Where are you all getting lift tickets? Don't really want to pay sticker price if I'm going to be riding 7 or 8 days.


----------



## NSboarder (Jan 22, 2013)

I didn't know there was any other place than the ticket window. Advice?


----------



## Bamfboardman (Dec 11, 2012)

There's always other places then the ticket window. Lucky for me I'm there for a competition so I may be able to get half price tickets the whole time I'm there where as you guys won't be so lucky.


----------



## Argo (Feb 25, 2010)

I usually call the event office and get them that way. I keep my jcard too for the reload. I got our tickets through the four seasons last year on a trip and got a discounted price somehow....


----------



## NSboarder (Jan 22, 2013)

Bamfboardman said:


> There's always other places then the ticket window. Lucky for me I'm there for a competition so I may be able to get half price tickets the whole time I'm there where as you guys won't be so lucky.


Really? You ask us where to get tickets then state you may be getting them 1/2 off but we won't be so lucky...dick move


----------



## Bamfboardman (Dec 11, 2012)

NSboarder said:


> Really? You ask us where to get tickets then state you may be getting them 1/2 off but we won't be so lucky...dick move


I doubt they'll give it to us more then the 3 days of competition haha


----------



## Argo (Feb 25, 2010)

Bamfboardman said:


> I doubt they'll give it to us more then the 3 days of competition haha


I got what you were saying, didn't think it was a dick move... It sure is nice traveling and getting super cheap lift tickets for 3-5 days!


----------



## Bamfboardman (Dec 11, 2012)

Argo said:


> I got what you were saying, didn't think it was a dick move... It sure is nice traveling and getting super cheap lift tickets for 3-5 days!


Exactly, especially when they don't give any reasonable discounts for anything but lift tickets at the competitions.


----------



## NSboarder (Jan 22, 2013)

Bamfboardman said:


> Exactly, especially when they don't give any reasonable discounts for anything but lift tickets at the competitions.

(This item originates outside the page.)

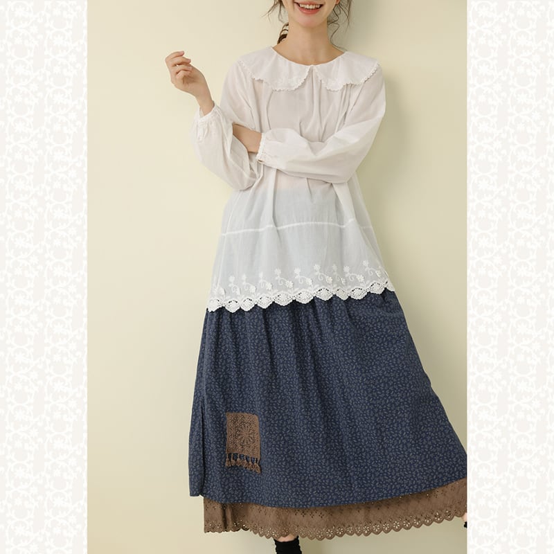 小花柄サイドスリットレース裾スカート W1488

So what event are you attending?


----------



## Bamfboardman (Dec 11, 2012)

NSboarder said:


> So what event are you attending?


IFSA Jackson Hole Regional.


----------



## Lifted (Feb 6, 2013)

I might be able to ask around and see if anyone has some 50% off vouchers they want to unload. Hit me up if you're interested


----------



## NSboarder (Jan 22, 2013)

Lifted said:


> I might be able to ask around and see if anyone has some 50% off vouchers they want to unload. Hit me up if you're interested


Yes I am interested. A buddy and I will be on the mountain for four days. I appreciate the help!


----------



## gibby907 (Oct 29, 2013)

I'll be there the 27th, group of us from alaska are going.


----------



## NSboarder (Jan 22, 2013)

Looks like there is a break in the snowfall for the next few days. Hope the inches continue to add up over the next couple of weeks.


----------



## NSboarder (Jan 22, 2013)

Jackson is getting dumped on this weekend. Just read that GT got 8" yesterday, and expecting to get another 7". Counting down the days till I leave.


----------



## Tarzanman (Dec 20, 2008)

jwelsh83 said:


> I made it out to JH last February and had some of the best riding. I wish I would have made it out to Targhee. Heard it's a little more low key and gets just as much snow, if not more than JH. I was also curious about Snow King as well. I could see it from my hotel in Jackson...


I learned to ride at the Snow King. I have only ever done night sessions there. Snow King's only real problem is that it is located in Jackson Wyoming. It isn't a horrible place, but it cannot compare at all to the other two ski resorts in the area. At all.


----------



## NSboarder (Jan 22, 2013)

Tarzanman said:


> I learned to ride at the Snow King. I have only ever done night sessions there. Snow King's only real problem is that it is located in Jackson Wyoming. It isn't a horrible place, but it cannot compare at all to the other two ski resorts in the area. At all.


Huh? Jk I understand. 1 week away!!


----------



## Mel M (Feb 2, 2012)

NSboarder said:


> Huh? Jk I understand. 1 week away!!


Yeah, and they just got dumped this past weekend! I hope we have the same luck.

I'll be in the bright blue jacket with green and/or yellow pants. Don't ask. I wear it so the wife can see me so she doesn't get freaked out and lost and I wont here the end of it. Trust me, I'll stick out! [emoji1]


----------



## Listheeb21 (Jan 20, 2011)

You'd be surprised how many people have similar gear. I have a blue/green combo as well and there were 6 lookalikes last year in Utah. 

Have a great trip. Hopefully you get some bluebird pow days! I leave 4 weeks from tomorrow. Counting down...


----------